# TRY IT
Transcribe every entry that follows, word for word, and omit the images.

(RAW DATA)

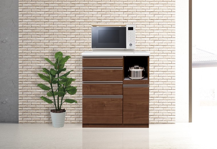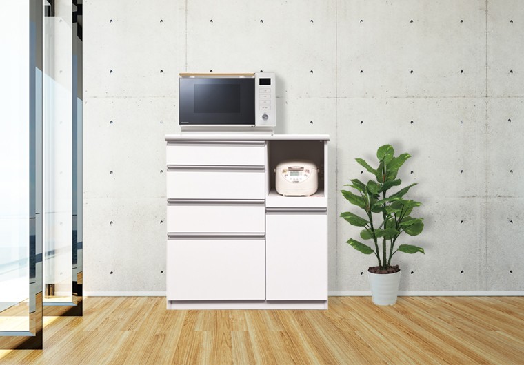 | サイズ[cm] | 外寸:幅90×奥行48×高さ100cm オープンスペース内寸:幅31.9×奥行43×高さ32cm 上から1段目引出内寸:幅46.5×奥行37.5×高さ7cm 上から2・3段目引出内寸:幅46.5×奥行37.5×高さ13cm 深内寸:幅46.5×奥行37.5×高さ18(有効31)cm 扉内寸:幅49×奥行(棚板29)43×高さ49cm |
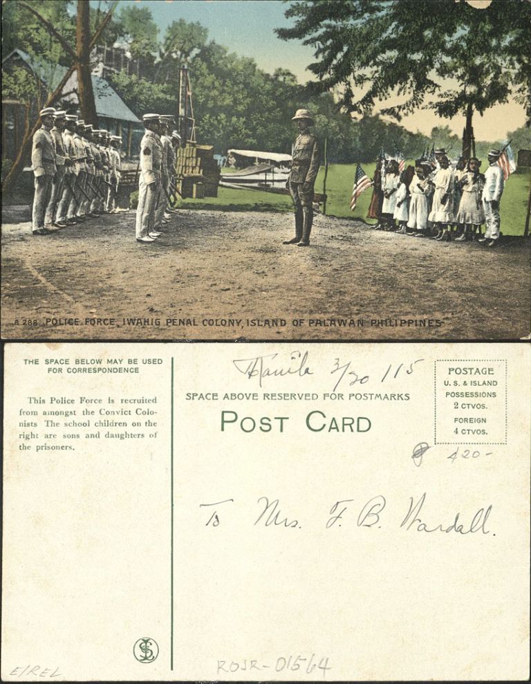 Subject: Policemen, chosen from among the inmates at Iwahig Penal Colony at Puerto Princesa, Palawan, stand at attention for inspection. Group of children with U.S. flags look on.
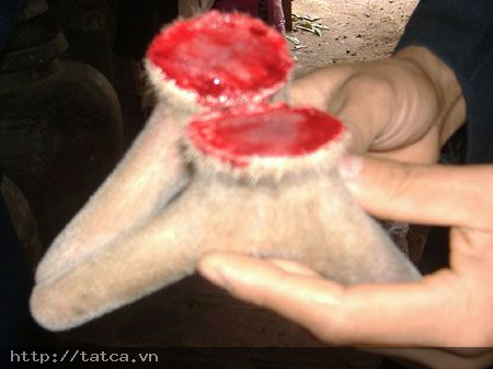 Còn đang choáng trước cảnh khách du lịch người Việt - mà chủ yếu là các bà nô nức đến chợ Cây Tre tậu "thần dược" luyện nội công thì khi đến chợ Chba Om Pau ở quận ngoại thành Miêng Chay - cách trung tâm thủ đô Phnôm Pênh khoảng 7km theo hướng dẫn của một số "tín đồ" tóc dài của hội chứng tráng dương cường âm, chúng tôi xám hồn trước ma trận cao đơn hoàn tán và đặc biệt ấn tượng trước hình ảnh một số người đàn ông bày trên những tấm bạt xương cốt, bào thai của các loại thú hoang.
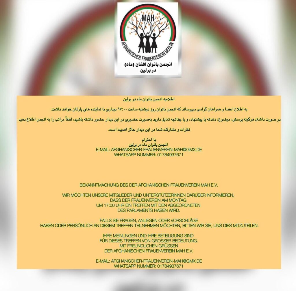 The Afghan Women’s Association MAH announces a meeting with members of parliament on Monday, January 26, 2026 at 5:00 PM in Berlin.
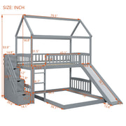 Twin Over Full Bunk Bed With Slide, House Bed With Slide - Gray
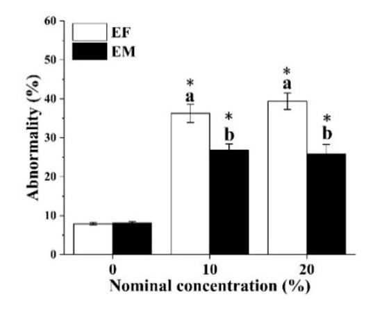 After being exposed to medium and higher concentrations, larvae derived from parental exposure showed a significantly increased (EF: 36.27 ± 2.35% at 10% and 39.35 ± 1.63% at 20%. EM: 26.8 ± 1.63% at 10% and 25.89 ± 2.43% at 20%) abnormality level in relation to the control (EF was 7.52 ± 0.32%, and EM was 8.05 ± 0.37%). Larvae derived from maternal exposure to HFO WAFs (10% and 20%) exhibited a significantly higher abnormality than those derived from paternal exposure (Figure 5).
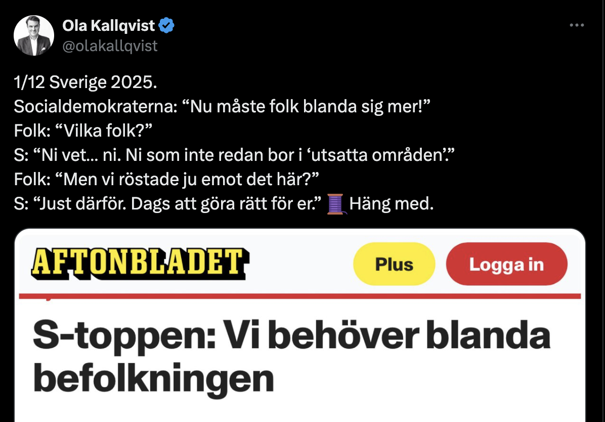 Ola Källqvists virala tråd: "Detta är inte demokrati – det är vansinne" I en skarp och bitvis svidande tråd på X (f.d. Twitter) riktar Ola Källqvist förödande kritik mot Socialdemokraternas senaste integrationsutspel. Bakgrunden är partiets återkommande krav på att "blanda" befolkningen i syfte att bryta segregationen – ett krav som allt oftare landar i ett hot mot den vanliga svensken: flytta eller bli påtvingad social oro.
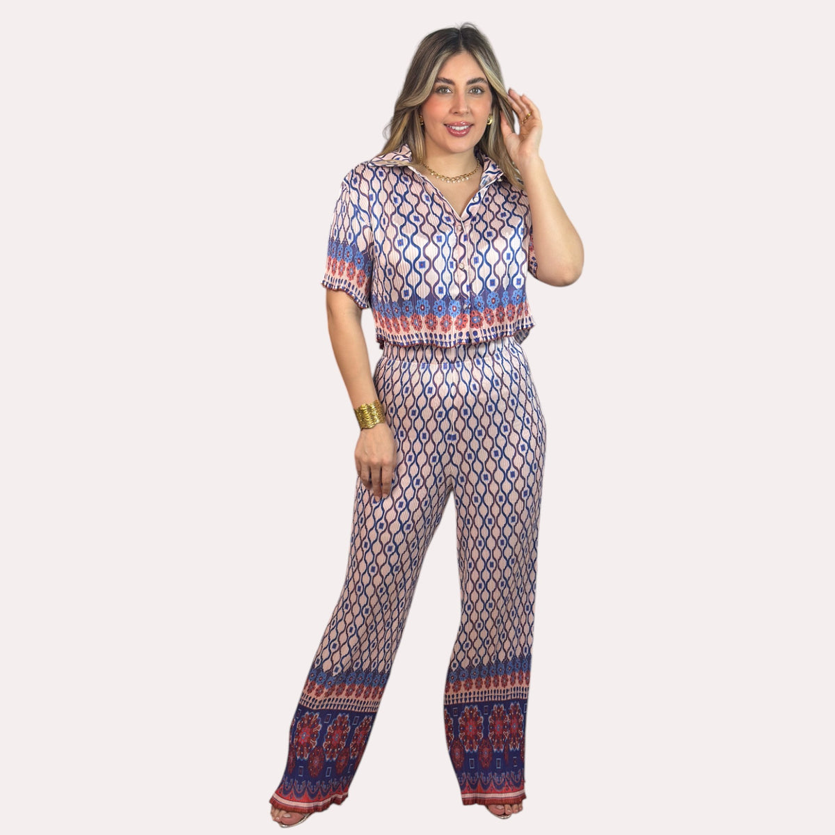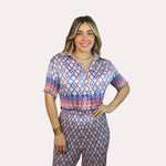 ¡Sé única con el conjunto Amanda! Blusa de botones y pantalón elástico con un estampado floral en tonos azul, lila y rojo.

(End RAW DATA)

# RESPONSE
 | サイズ[cm] | 外寸:幅90×奥行48×高さ100cm オープンスペース内寸:幅31.9×奥行43×高さ32cm 上から1段目引出内寸:幅46.5×奥行37.5×高さ7cm 上から2・3段目引出内寸:幅46.5×奥行37.5×高さ13cm 深内寸:幅46.5×奥行37.5×高さ18(有効31)cm 扉内寸:幅49×奥行(棚板29)43×高さ49cm |
 Subject: Policemen, chosen from among the inmates at Iwahig Penal Colony at Puerto Princesa, Palawan, stand at attention for inspection. Group of children with U.S. flags look on.
 Còn đang choáng trước cảnh khách du lịch người Việt - mà chủ yếu là các bà nô nức đến chợ Cây Tre tậu "thần dược" luyện nội công thì khi đến chợ Chba Om Pau ở quận ngoại thành Miêng Chay - cách trung tâm thủ đô Phnôm Pênh khoảng 7km theo hướng dẫn của một số "tín đồ" tóc dài của hội chứng tráng dương cường âm, chúng tôi xám hồn trước ma trận cao đơn hoàn tán và đặc biệt ấn tượng trước hình ảnh một số người đàn ông bày trên những tấm bạt xương cốt, bào thai của các loại thú hoang.
 The Afghan Women’s Association MAH announces a meeting with members of parliament on Monday, January 26, 2026 at 5:00 PM in Berlin.
 Twin Over Full Bunk Bed With Slide, House Bed With Slide - Gray
 After being exposed to medium and higher concentrations, larvae derived from parental exposure showed a significantly increased (EF: 36.27 ± 2.35% at 10% and 39.35 ± 1.63% at 20%. EM: 26.8 ± 1.63% at 10% and 25.89 ± 2.43% at 20%) abnormality level in relation to the control (EF was 7.52 ± 0.32%, and EM was 8.05 ± 0.37%). Larvae derived from maternal exposure to HFO WAFs (10% and 20%) exhibited a significantly higher abnormality than those derived from paternal exposure (Figure 5).
 Ola Källqvists virala tråd: "Detta är inte demokrati – det är vansinne" I en skarp och bitvis svidande tråd på X (f.d. Twitter) riktar Ola Källqvist förödande kritik mot Socialdemokraternas senaste integrationsutspel. Bakgrunden är partiets återkommande krav på att "blanda" befolkningen i syfte att bryta segregationen – ett krav som allt oftare landar i ett hot mot den vanliga svensken: flytta eller bli påtvingad social oro.
 ¡Sé única con el conjunto Amanda! Blusa de botones y pantalón elástico con un estampado floral en tonos azul, lila y rojo.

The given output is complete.